**Brief:** Please reproduce all of the listing below exactly and drop its images.
*** Provided material
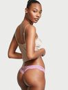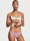 In allover delicate floral lace, this gorgeous thong showcases flirty peekaboo cutouts at the front, plus scalloped edges for a finishing touch. Low rise. No back coverage. Machine wash.
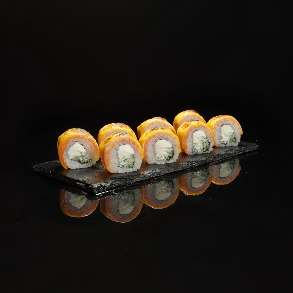 Рис, водоросли нори, сыр творожный, огурец, лосось, сыр чеддер, соус спайси, соус унаги
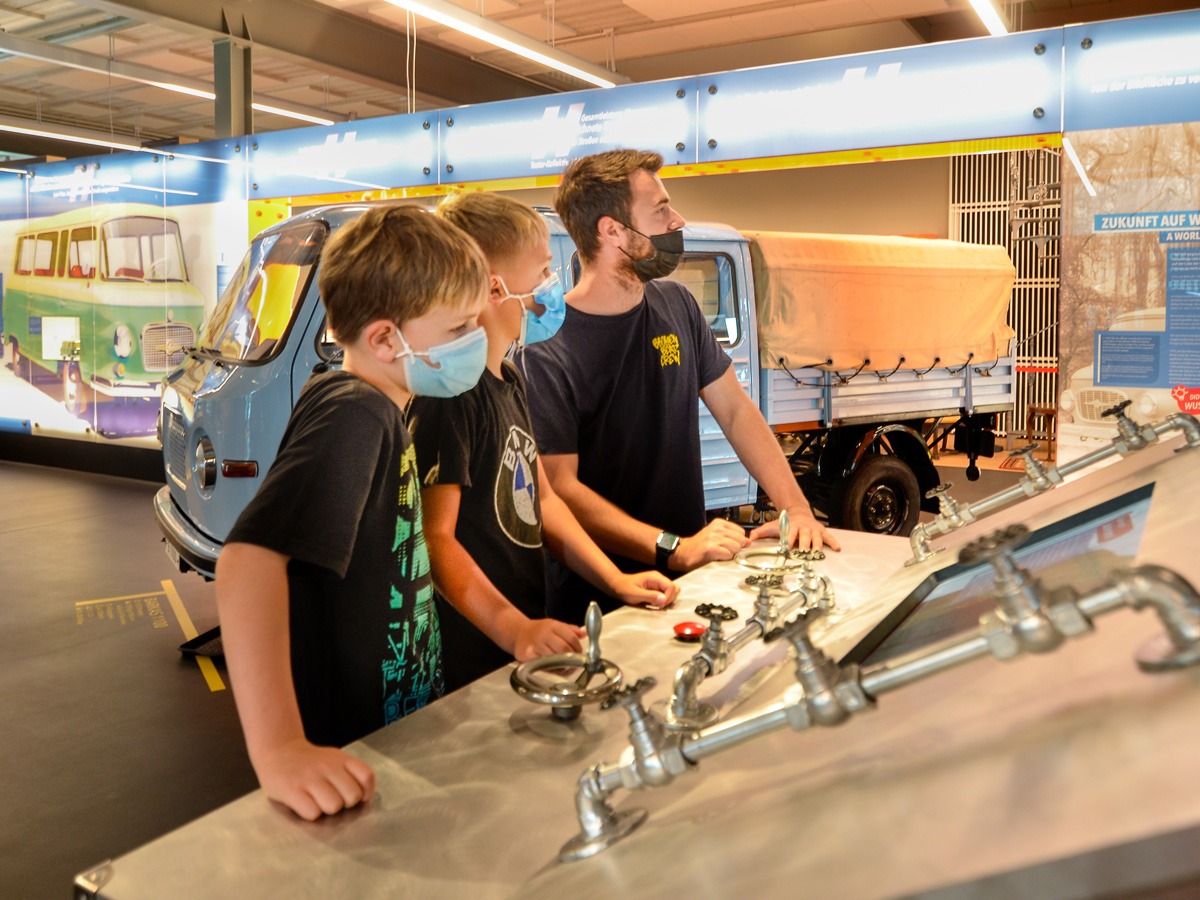 Im gesamten Museum finden sich auch verschiedene Modelle des DDR-Kleintransporters Barkas, der in Frankenberg gebaut wurde. Mit einem Rollbrett lässt sich gar selbst Mechaniker spielen und rücklings unter das Auto kriechen. Oder man versucht gleich daneben, sich interaktiv sein eigenes Barkas-Modell zu bauen.
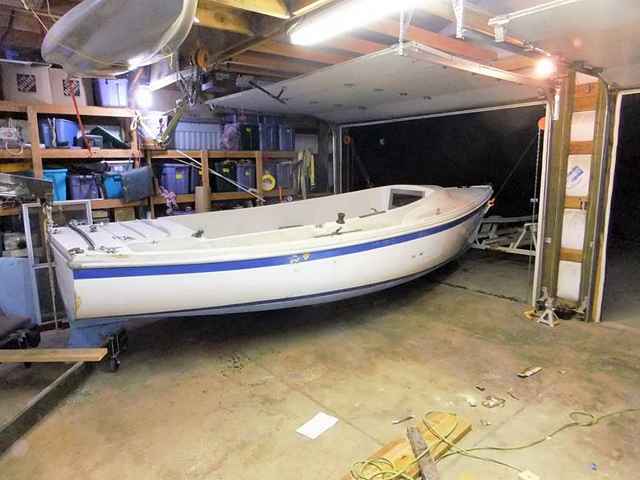 Ok, I’ll admit to being at a sort of nexus this morning. It’s almost dawn. The sky over the trees to the east is just starting to lighten. I’ve been up for about an hour. And, I suppose the expression, “All dressed up, and no place to go” has some relevance here. In about the past week or so, I’ve managed to bring a disregarded old sailboat hulk from a pine needle-collecting device perched on a rusty old trailer out in the woods, to the matrix for something much better. There was considerable effort, bruises, and blood involved. A lot of hurry-up.
******
**Solution for this problem:**
 In allover delicate floral lace, this gorgeous thong showcases flirty peekaboo cutouts at the front, plus scalloped edges for a finishing touch. Low rise. No back coverage. Machine wash.
 Рис, водоросли нори, сыр творожный, огурец, лосось, сыр чеддер, соус спайси, соус унаги
 Im gesamten Museum finden sich auch verschiedene Modelle des DDR-Kleintransporters Barkas, der in Frankenberg gebaut wurde. Mit einem Rollbrett lässt sich gar selbst Mechaniker spielen und rücklings unter das Auto kriechen. Oder man versucht gleich daneben, sich interaktiv sein eigenes Barkas-Modell zu bauen.
 Ok, I’ll admit to being at a sort of nexus this morning. It’s almost dawn. The sky over the trees to the east is just starting to lighten. I’ve been up for about an hour. And, I suppose the expression, “All dressed up, and no place to go” has some relevance here. In about the past week or so, I’ve managed to bring a disregarded old sailboat hulk from a pine needle-collecting device perched on a rusty old trailer out in the woods, to the matrix for something much better. There was considerable effort, bruises, and blood involved. A lot of hurry-up.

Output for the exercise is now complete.